A może filiżanka kawy?
Obok samowara stoi przecież starodawny, skromniutki ekspresik do kawy. To pamiątka z wakacji nad Balatonem. Ach, produkt nieomal luksusowy zważywszy, że w Polsce powszechnym sposobem parzenia kawy było proste zalewanie zmielonych ziarenek wrzątkiem. Wystarczyło potem zamieszać płyn łyżeczką i cieszyć się powstającą na powierzchni kawową pianką :). Węgierski ekspresik wytwarzał aromatyczny napar pozostawiając fusy w swoim wnętrzu, a więc była to miła odmiana i powód do dumy jego właściciela. Pewną niedogodnością tego urządzenia była konieczność posiadania kabelka z płaską wtyczką typową dla starych modeli żelazek. Taki kabel należało mieć bo zakup nowego bywał dość trudny. Kłopotów z kabelkiem doświadczyłam osobiście co opisane zostało w notce Jesienna kawa z refleksją . W tekście tym prezentowany jest kolejny, godny odkurzenia przedmiot – młynek do kawy.
*Those Were the Days – piosenka przypisywana Gene'owi Raskinowi, który napisał angielski tekst do rosyjskiej pieśni Доро длинною („Dorogoj dlinnoju”), skomponowanej przez Borisa Fomina (1900–1948) do słów poety Konstantina Podrevskiego.
*Autor: Czesław Niemen
Wykonanie oryginalne: Wojciech Korda & Ada Rusowicz
Albumy, na których znalazł się utwór: Biały Kruk czarnego Krążka, Gwiazdy mocnego uderzenia-Czesław Niemen, Niedziela będzie dla nas (Niebiesko-Czarni)
Witaj Bet! Jest czas właśnie na odkurzanie wspomnień, tych materialnych i duchowych też.
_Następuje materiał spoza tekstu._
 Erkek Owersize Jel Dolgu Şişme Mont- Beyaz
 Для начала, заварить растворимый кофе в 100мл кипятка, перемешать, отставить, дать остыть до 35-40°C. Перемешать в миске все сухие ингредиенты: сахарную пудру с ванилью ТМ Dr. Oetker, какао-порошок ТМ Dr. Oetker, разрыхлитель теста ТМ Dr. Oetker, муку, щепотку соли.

OdpowiedzUsuńTYlko bez odkurzacza:)) Bo jak coś wessie to już trudno odzyskać!
UsuńKlik dobry:)
OdpowiedzUsuńPiknie odkurzasz te pamiątki. Niech lśnią!
Pozdrawiam serdecznie.
Lampa błyskowa dodaje blasku:)
UsuńTeraz dopiero zauważyłam, że zjadłam literkę ę w słowie pięknie.
UsuńTeż mam samowar z ZSRR. Przywiozłam go osobiście i używałam do czasu, aż pojawiły się u nas kamionkowe czajniki elektryczne.
A ja myślałam, że ma być "piknie":)) czasem się używa takiej pseudagwarki:)
UsuńNie wiem dlaczego ten mój nie był nigdy podłączony do prądu. Chyba dlatego, że brak miejsca dla jego pracy. Na wysokiej półce nie zawadza, ale gdyby miał pracować to musi stać na stole. Hmmm... Może kiedyś wykonam taką aranżację?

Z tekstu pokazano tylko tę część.